It is worth a try IMO. Sounds like a good dog!


----------



## Womwotai (Sep 25, 2014)

Thanks so much to everyone who replied!  I believe the situation is resolved as, while I was giving it due consideration, not wanting to make a mistake and wind up failing the dog, someone else has expressed interest in him.  This person has a larger property and runs 100 head of sheep and 25 head of goats, and is planning to come and get him tomorrow.  This relieves a lot of anxiety for me.

LOL Southern!  I've noticed that people WITH LGD's always say "they don't eat that much", but I think it is all relative.  I have two 40-lb pet/farm dogs whom I free feed.  They go through around 4 cups of a high quality feed between them, each day.  When I had a GP years ago, she ate 4 cups every day by herself - and she was only 80-100lb.  The dog in question in this case is closer to 200lb so I doubt he eats any less than the female did.  So I guess to me, that is a lot of food, but bottom line is that it at least doubles my feed bill.  I feed a high quality feed, figuring that I can buy good food and keep the dogs healthy, saving on vet bills, or buy cheap feed and spend more at the vet, so the cost of feed alone was, for me, a factor.

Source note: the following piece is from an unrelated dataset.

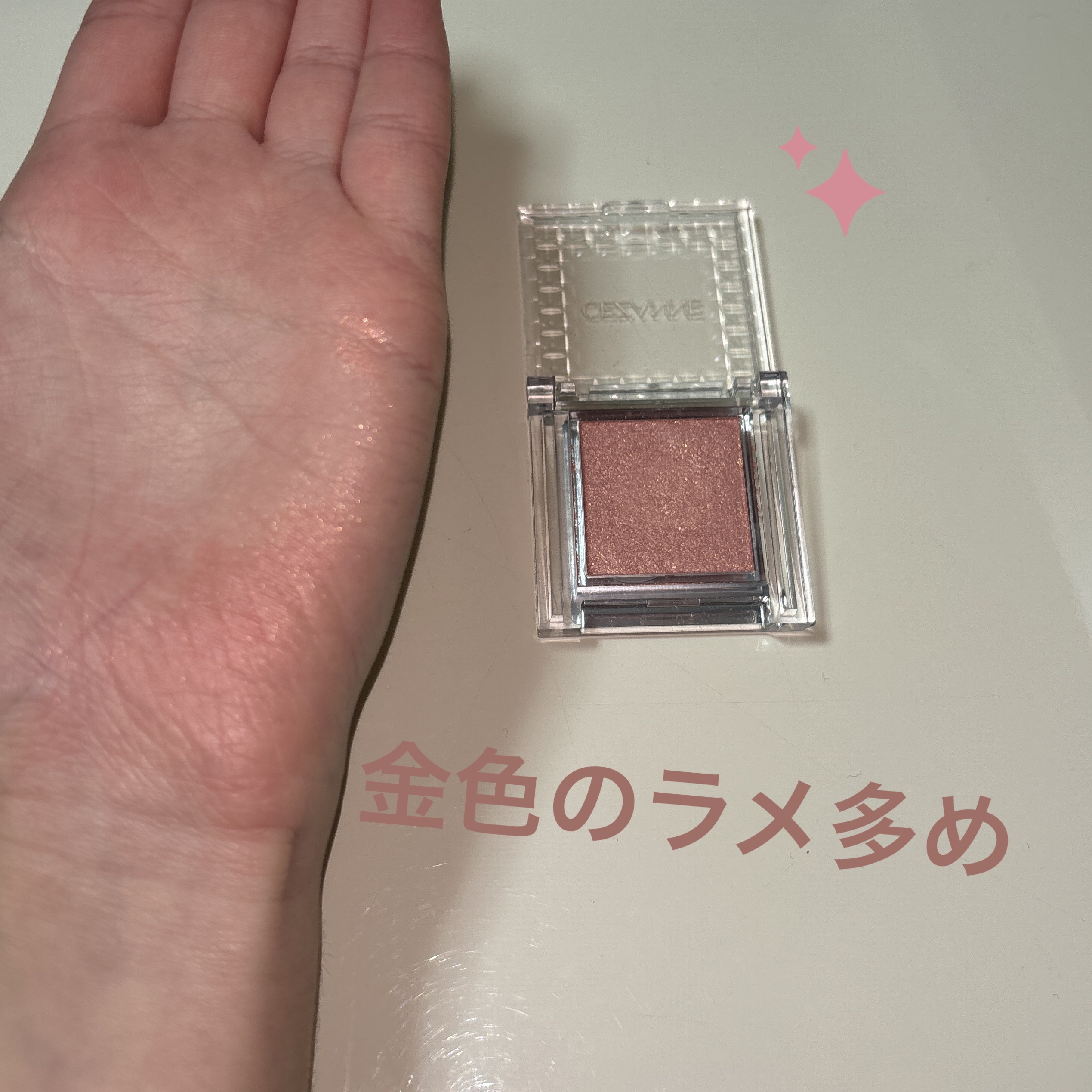 ゴールドラメが可愛らしい単色アイシャドウ ゴールドピンクの名の通り 塗ってみるとピンク色自体はそこまで濃くなく 淡い発色でゴールドのラメがキレイに輝いてました もしかしてチークにも使えるのではと思い 使ってみたところちょっとラメが強めかもしれませんが 可愛らしかったのでチークとしても使える かなりコスパのいいアイシャドウでした!
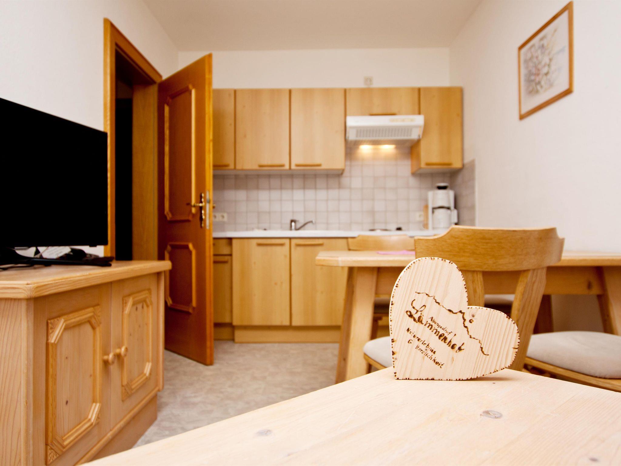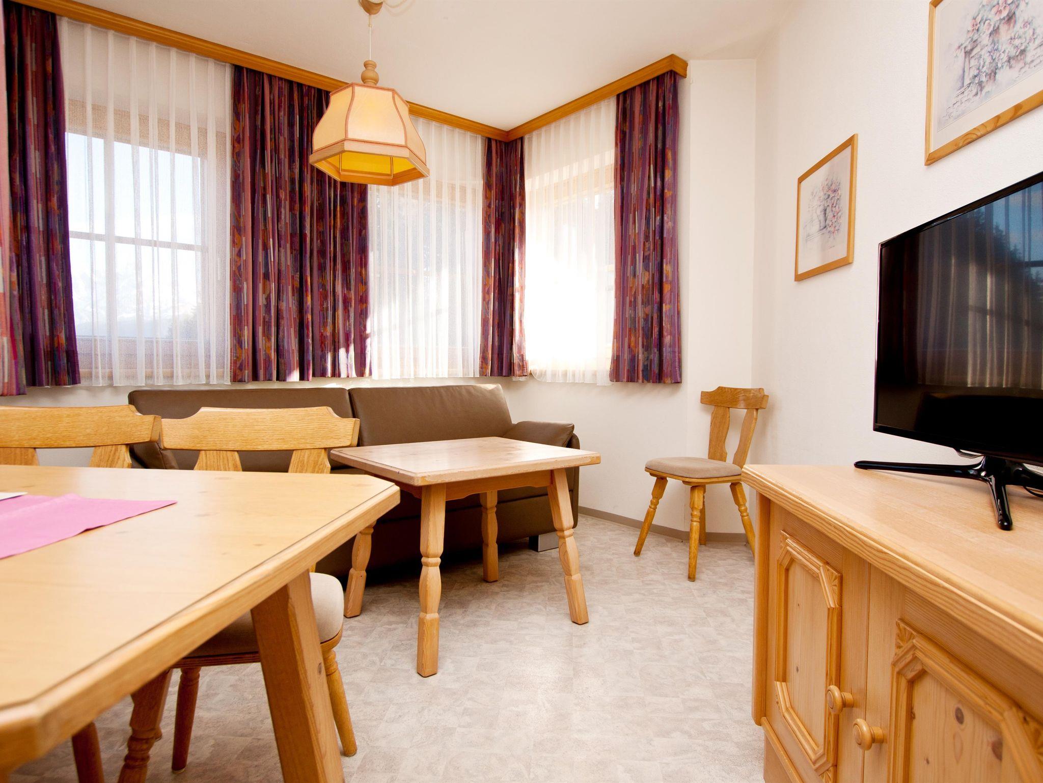 Die Appartements sind im unmittelbar anliegenden Nebenhaus, erbaut in den 90er Jahren, hell eingerichtet mit Voglauer Möbeln. Bodenbeläge teilweise mit Teppich. Appartement mit Schlafzimmer, Küche mit Esstisch und Wohnbereich mit Doppel-Ausziehcouch mit ca. 35 m² für bis zu 2 Erwachsene und 2 Kinder im 1. Stock Mit Balkon und Blick Richtung Süd-Osten Dusche, WC extra, Haarfön Kabel-LCD-TV , Telefon, WLAN

I think its one of those "insurance policy" type of expenses.  If you have a lot of predator losses, the cost of protection for them is something you don't blink at.  But if you are not losing anything to predators, the cost of protection they don't need….is harder to justify.  For us, at least.  I have no doubt that if LGD/s were on the property I'd bond with them and fall in love with them and the cost factor would go out the window but at this point they are still in the theoretical stage where my heart isn't involved so I can think just with my brain


----------